I.2. Le silence et ses propriétés ontologiques

S’il est d’une évidence irréfutable que, grâce à son signifiant audible, la parole est physiquement plus bruyante que le silence, cela ne doit pas tout de même inciter à se figurer que ce dernier ne représenterait qu’un immense vide. À vrai dire, dans son haeccéité (propre) le silence ne peut exister qu’à l’état silencieux, il ne brille que par sa taciturnité, et ce malgré l’existence de deux verbes latins, silere qui définit un état, celui d’un être silencieux, et tacere qui traduit l’acte, celui de se taire. Lors même qu’il serait présent dans bien des réalités empiriques et métaphysiques, le silence ne s’identifie que par son caractère silencieux. Le signifiant du silence n’est pas audible. Pour que l’intelligence puisse faire entendre ses voix et s’énoncer clairement, elle doit être précédée d’un silence éveillé, serein et lucide. La vraie parole qui émane du silence n’a rien de commun avec le bavardage qui provient

plutôt du bruit solitaire du cœur76, d’une mémoire inquisitrice, d’une âme désolée ou

d’une absence de pensées. Et, comme en-deçà des mots, il existe des réalités bona fide et significatives dites indicibles ou imprononcées, il est tout à fait rationnel de reconnaître au silence sa valeur, son sens qui est de les aider à se maintenir : il

constitue, pour ainsi dire leur dernière demeure. Ayant donc échappé au pouvoir

expressif du langage, ces réalités (affectives, inconscientes, spirituelles, etc.) dont les mots cherchent toujours à se rapprocher élisent domicile dans le silence. Le silence est la seule rhétorique qui ait le pouvoir de les manifester ; enceint de nouvelles matières, il les transforme en silence connoté. Ainsi, dans A Slight Ache, le marchand d’allumettes nous impressionne par sa présence silencieuse. Lors même qu’aucun mot ne sortirait de sa bouche du début à la fin, il faut noter qu’il est au centre de tout ce qui se joue. C’est un silence qui, sans cesse, réorganise les schémas relationnels entre Edward et Flora. Nonobstant sa discrétion, le silence est donc loin d’être un néant comme on serait tenté de le croire. Au théâtre, ce que le silence met en abyme, c’est notre incapacité à tout rendre compte avec les mots du langage articulé.
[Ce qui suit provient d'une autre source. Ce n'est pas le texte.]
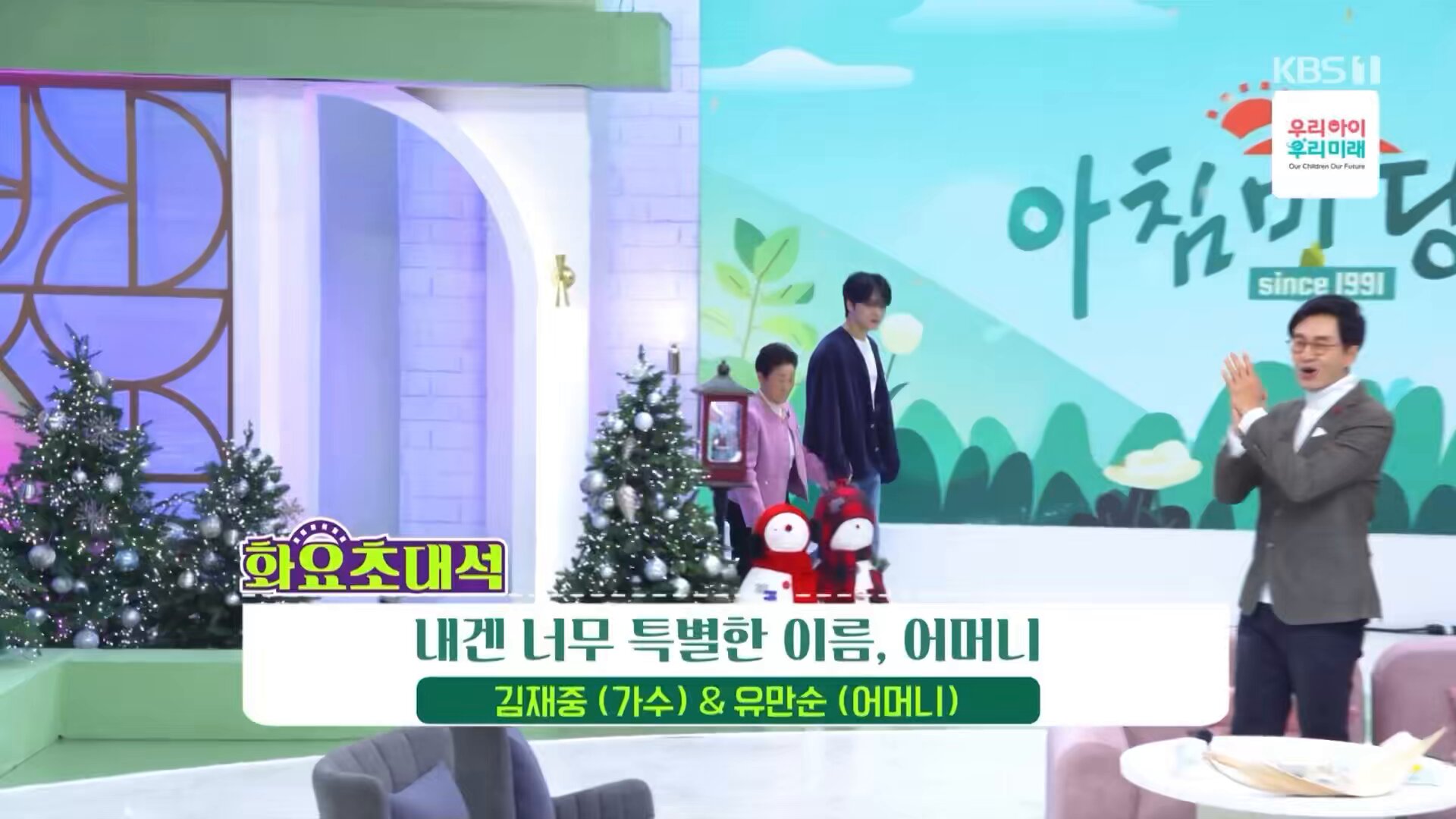 김재중은 "크리스마스 이브에 어머니와 함께 할 수 있어 영광스럽다"며 방송을 시작했고, 유만순 씨는 긴장한 모습이었지만 금세 생방송에 적응하여 유쾌한 분위기를 만들어냈습니다.유만순 씨는 김재중을 처음 만났던 순간을 회상하며, "그 아이가 나에게 '엄마'라고 부르며 안길 때 제 마음이 움직였다"고 말했습니다.

La

75 The Caretaker, Plays 2, p. 5.

parole théâtrale se distingue par le silence, c’est-à-dire par ce qui ne sera pas, voire jamais entendu malgré une abondante production verbale. Le silence indique la voie, c'est-à-dire la possibilité de recourir à d’autres modes de communication. De même, Pinter relève que la poursuite du calme et de la tranquillité amène certaines gens à voyager ou à se déplacer par des moyens de transports privés. Prendre un taxi, pour certains ce n’est pas toujours pour aller plus vite, mais plutôt pour évoluer dans un univers de silence et de sérénité. À entendre Sam, le talentueux chauffeur de taxi dans The Homecoming de Pinter, les passagers qu’il a le plaisir de conduire à des destinations diverses et variées le choisissent, non pas seulement grâce à cette qualité, mais surtout, parce qu’il se distingue des autres par son respect pour l’intimité du client : « I don’t press myself on people, you. These big businessmen, men of affairs, they don’t want the driver jawing all the time, they like to sit in the

back, have a bit of peace and quiet […]77. » Le bavardage est vu par certaines gens

comme un tapage verbal, et par conséquent ils cherchent tous les moyens pour le fuir afin de ne pas entendre des choses qui ne les concernent ou qui pourraient les révolter. Dès lors, par sa pièce, Moonlight, nous constatons qu’être bavard n’est pas toujours un comportement bien apprécié sur l’espace social. Celui qui ne sait pas se contrôler verbalement est un danger pour son entourage et son milieu. La volubilité est perçue, dans ce cas, comme une menace pour tous, si l’on s’accorde sur ce que Bel en dit à Andy : « You’re not a bad man. You’re just what we used to call a loudmouth. You can’t help it. It’s your nature. If you only kept your mouth shut more of the time life with your might just be tolerable78. » Un locuteur devient

insupportable, à partir du moment où ce qu’il dit ne tarit pas dans le temps et dans l’espace. Cela nous amène à poser que savoir parler, c’est être en mesure d’identifier les endroits et les instants où on doit prendre ou demander la parole.

En même temps, il est à remarquer que le silence peut faire peur à l’individu qui, à des moments, le réclame. Aussi curieux que cela puisse paraître aux yeux de ceux qui qualifient souvent à tort le silence de passif, il arrive que des individus se retrouvent dans une situation inconfortable puisque quelqu'un en face refuse de parler ou souhaite vivre un certain silence. Pour le dire autrement : plus un silence s’épaissit, plus il jette l’effroi dans les cœurs de certains. Le prolongement plus ou

77The Homecoming, Plays 3, p. 21. 78Moonlight, Plays 4, p. 347-348.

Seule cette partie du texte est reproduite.